Kemunculannya mendorong penutupan perbatasan serta tindakan penyaringan di Kanada dan di seluruh dunia.

“Risiko keseluruhan yang terkait dengan Omicron dianggap sangat tinggi karena sejumlah alasan,” Organisasi Kesehatan Dunia memperingatkan.

“Ada bukti awal yang mengkhawatirkan tentang Omicron yang menunjukkan, berbeda dengan sebelumnya (varian yang menjadi perhatian), baik potensi lolosnya kekebalan dan transmisibilitas yang lebih tinggi yang dapat menyebabkan lonjakan lebih lanjut dengan konsekuensi yang parah.”

Dua kasus varian Omicron telah ditemukan di Ottawa, dan petugas kesehatan masyarakat melakukan pelacakan kontak dalam upaya untuk membasmi penularan. Kasus yang dikonfirmasi juga diumumkan Senin di Quebec.

Para pejabat memperingatkan lebih banyak kasus kemungkinan akan ditemukan di Kanada dalam beberapa hari mendatang.

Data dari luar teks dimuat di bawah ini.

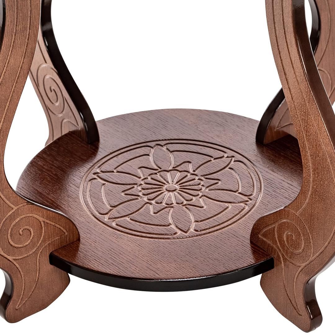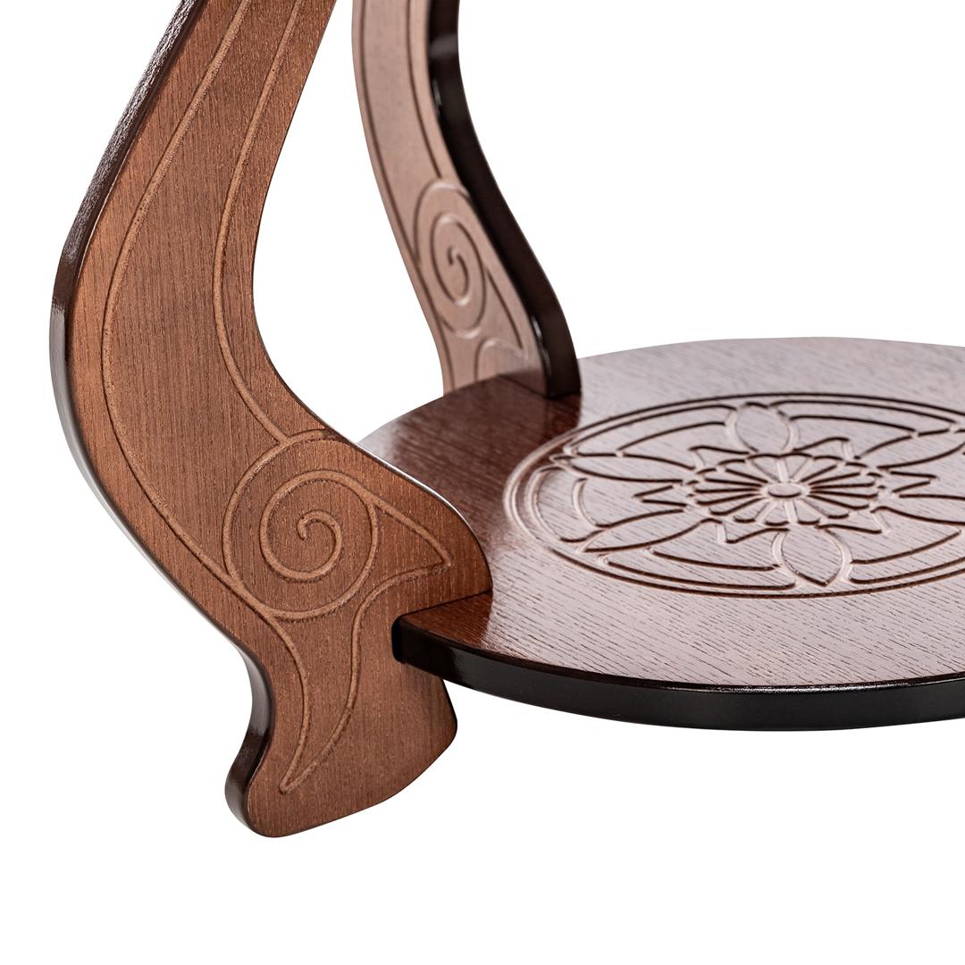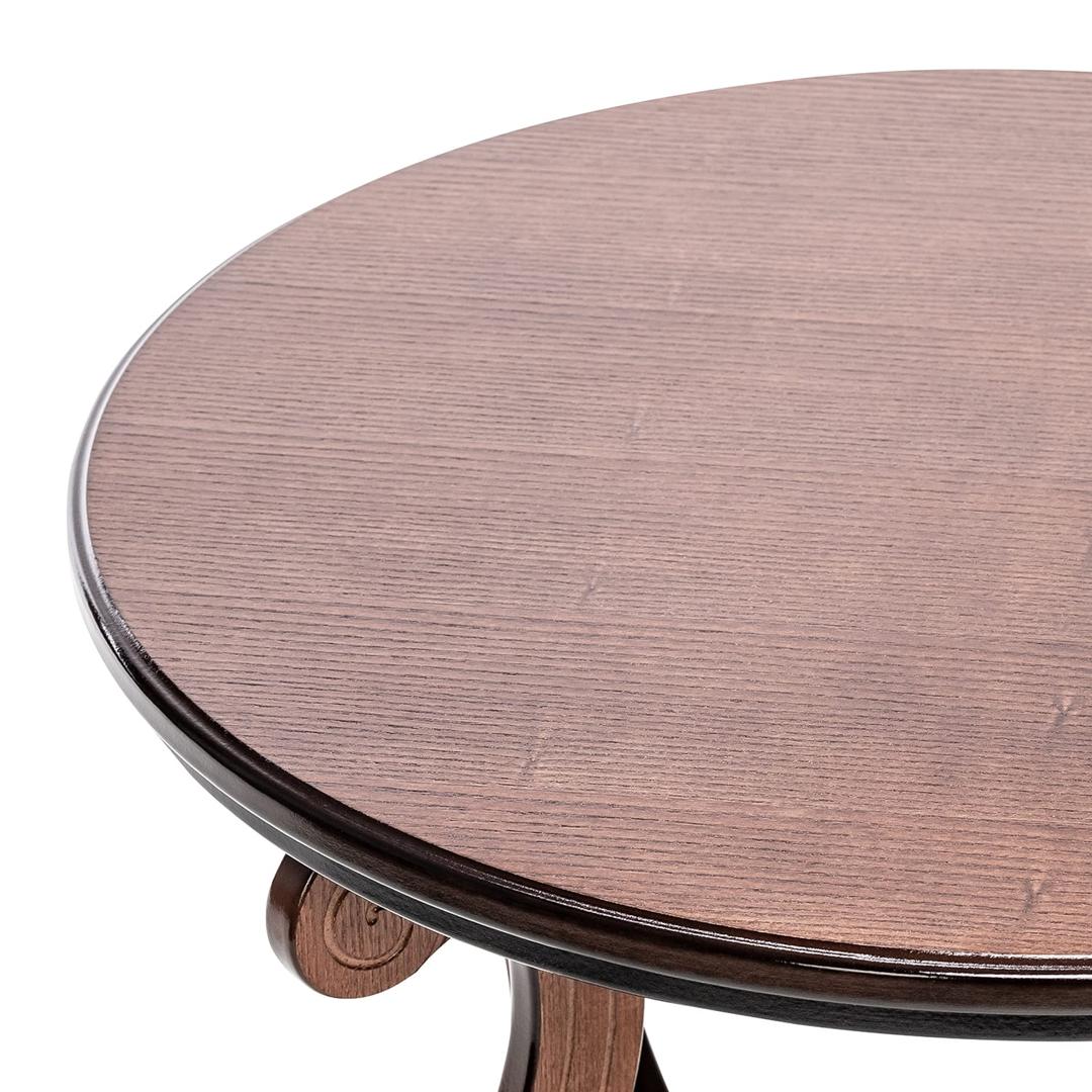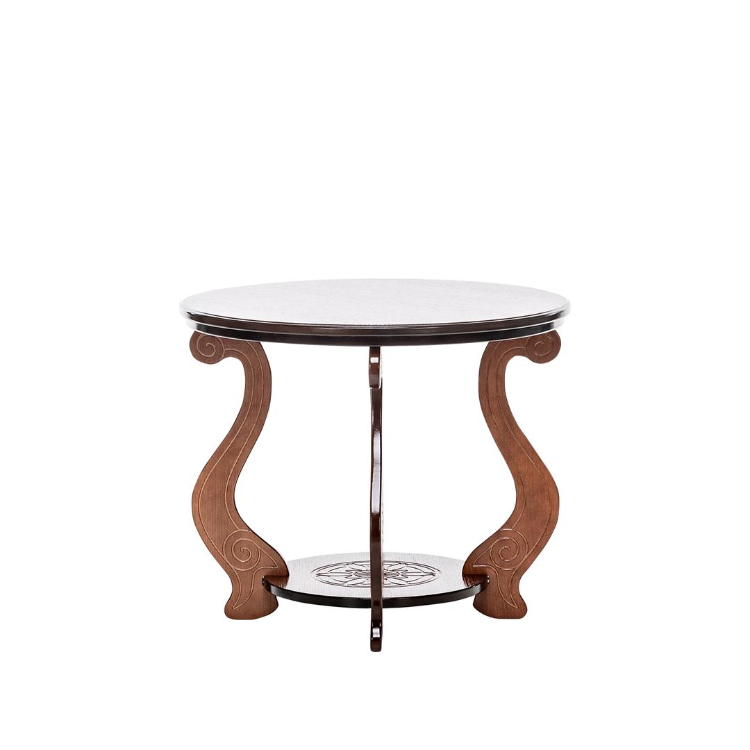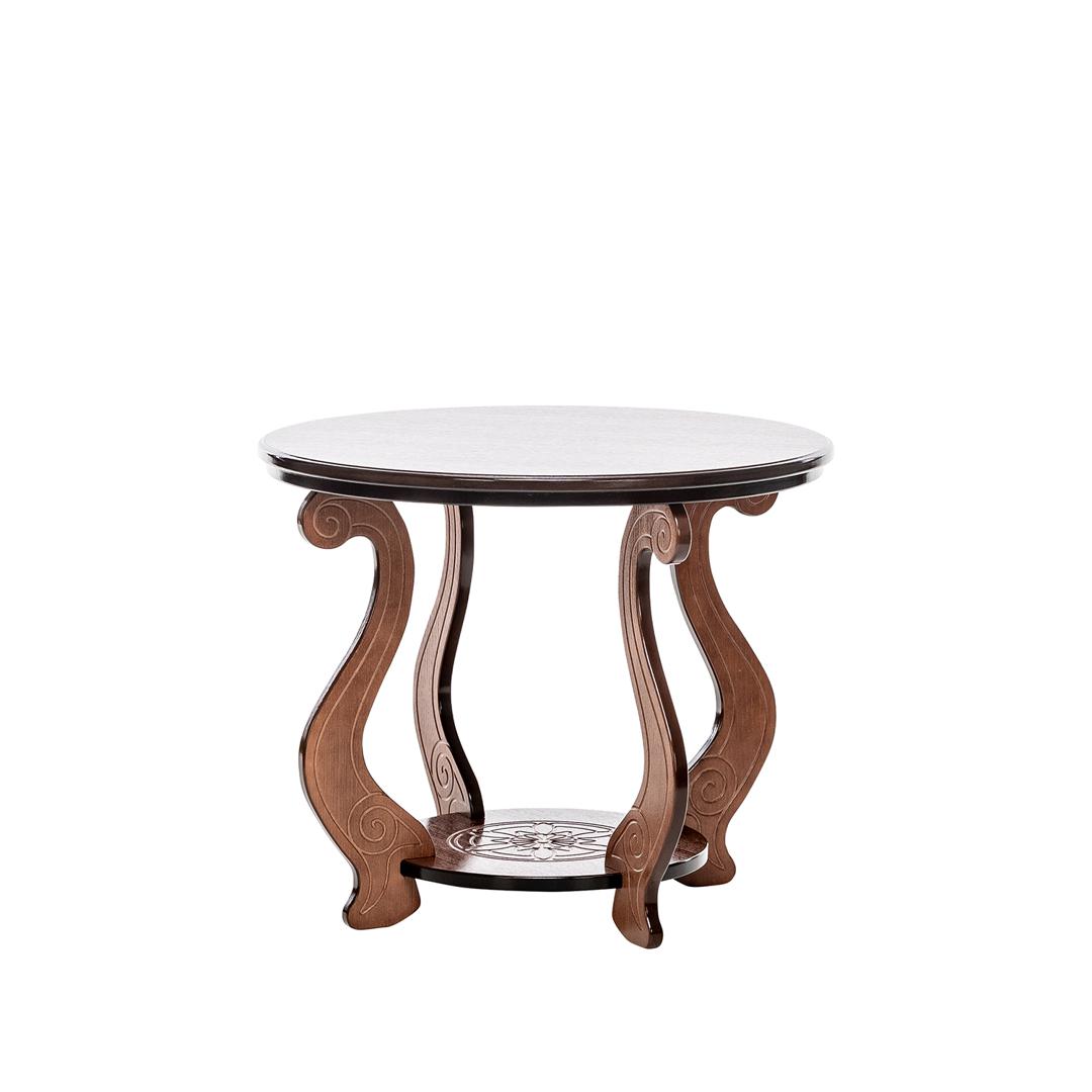 Круглый изящный столик с удобной полочкой. Форма ножек стола придает ему воздушность. Высококачественный МДФ и отделочный шпон различных цветов делают столик надежным и очень долговечным.
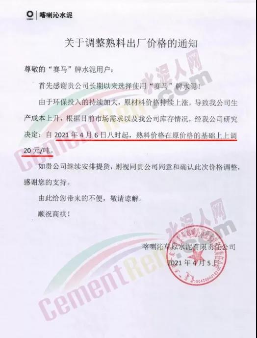 寧夏吳忠賽馬新型建材有限公司通知,自4月6日起,公司各品種規(guī)格水泥在原基礎(chǔ)上上調(diào)20元/噸。

Para menteri kesehatan G7 bertemu secara virtual untuk membahas ancaman baru, menggarisbawahi pentingnya memastikan semua negara memiliki akses ke vaksin COVID-19 dan dukungan yang diperlukan untuk membuatnya menjadi senjata.

Mereka juga menyatakan dukungan kuat untuk jaringan pengawasan patogen internasional di dalam WHO, kata pernyataan bersama yang dikeluarkan setelah pertemuan itu.

Para menteri setuju untuk bertemu kembali bulan depan.

Perkembangan itu terjadi ketika negara-negara memperdebatkan konvensi global baru tentang kesiapsiagaan dan respons pandemi pada pertemuan khusus Majelis Kesehatan Dunia pada hari Senin.

Ini adalah kedua kalinya kelompok itu mengadakan pertemuan darurat semacam ini.

Jika negara-negara anggota setuju, majelis akan mulai mengembangkan apa yang pada dasarnya akan berfungsi sebagai perjanjian internasional tentang kesiapan pandemi.

“Keamanan kesehatan global terlalu penting untuk dibiarkan begitu saja, atau niat baik, atau pergeseran arus geopolitik, atau kepentingan perusahaan dan pemegang saham,” kata direktur Organisasi Kesehatan Dunia Dr. Tedros Adhanom Ghebreyesus di awal pertemuan.

“Cara terbaik kita dapat mengatasinya adalah dengan perjanjian yang mengikat secara hukum antar negara: kesepakatan yang dibuat dari pengakuan bahwa kita tidak memiliki masa depan tetapi masa depan bersama.”

Dia mengatakan munculnya varian Omicron menggarisbawahi sifat berbahaya dan genting dari situasi global.

“Memang, Omicron menunjukkan mengapa dunia membutuhkan kesepakatan baru tentang pandemi. Sistem kami saat ini menghalangi negara-negara untuk memperingatkan orang lain tentang ancaman yang pasti akan mendarat di pantai mereka,” katanya.

Idenya adalah untuk mencegah krisis global lain seperti yang ditimbulkan oleh COVID-19 dan varian barunya yang berpotensi lebih menular.

“Posisi kami selalu bahwa kami lebih kuat ketika kami bekerja sama,” kata Duclos Jumat untuk mendukung konvensi baru.

Sebuah perjanjian internasional yang mengikat akan membantu negara-negara untuk berkolaborasi dan akan memungkinkan Kanada untuk lebih mudah berbagi keahliannya di panggung dunia, kata Duclos.

“Tingkat kebijakan dan kepemimpinan ilmiah itu adalah tanda bahwa kami dapat melakukan yang lebih baik di masa depan saat kami berkolaborasi dengan WHO dan organisasi lain untuk mencegah insiden pandemi di masa depan dan melindungi warga Kanada dari hal-hal seperti itu.”

Kelompok kerja WHO dalam file tersebut mengatakan bahwa pemerintah harus berupaya mengembangkan konvensi tersebut bersama-sama dengan upaya untuk memperkuat peraturan kesehatan internasional yang ada.

Prioritas kelompok kerja mencakup fokus pada kesetaraan global, deteksi dan penilaian risiko yang cepat, pendekatan global terhadap kesalahan informasi dan pembagian patogen, informasi genetik dan sampel biologis.

Laporan The Canadian Press ini pertama kali diterbitkan pada 29 November 2021.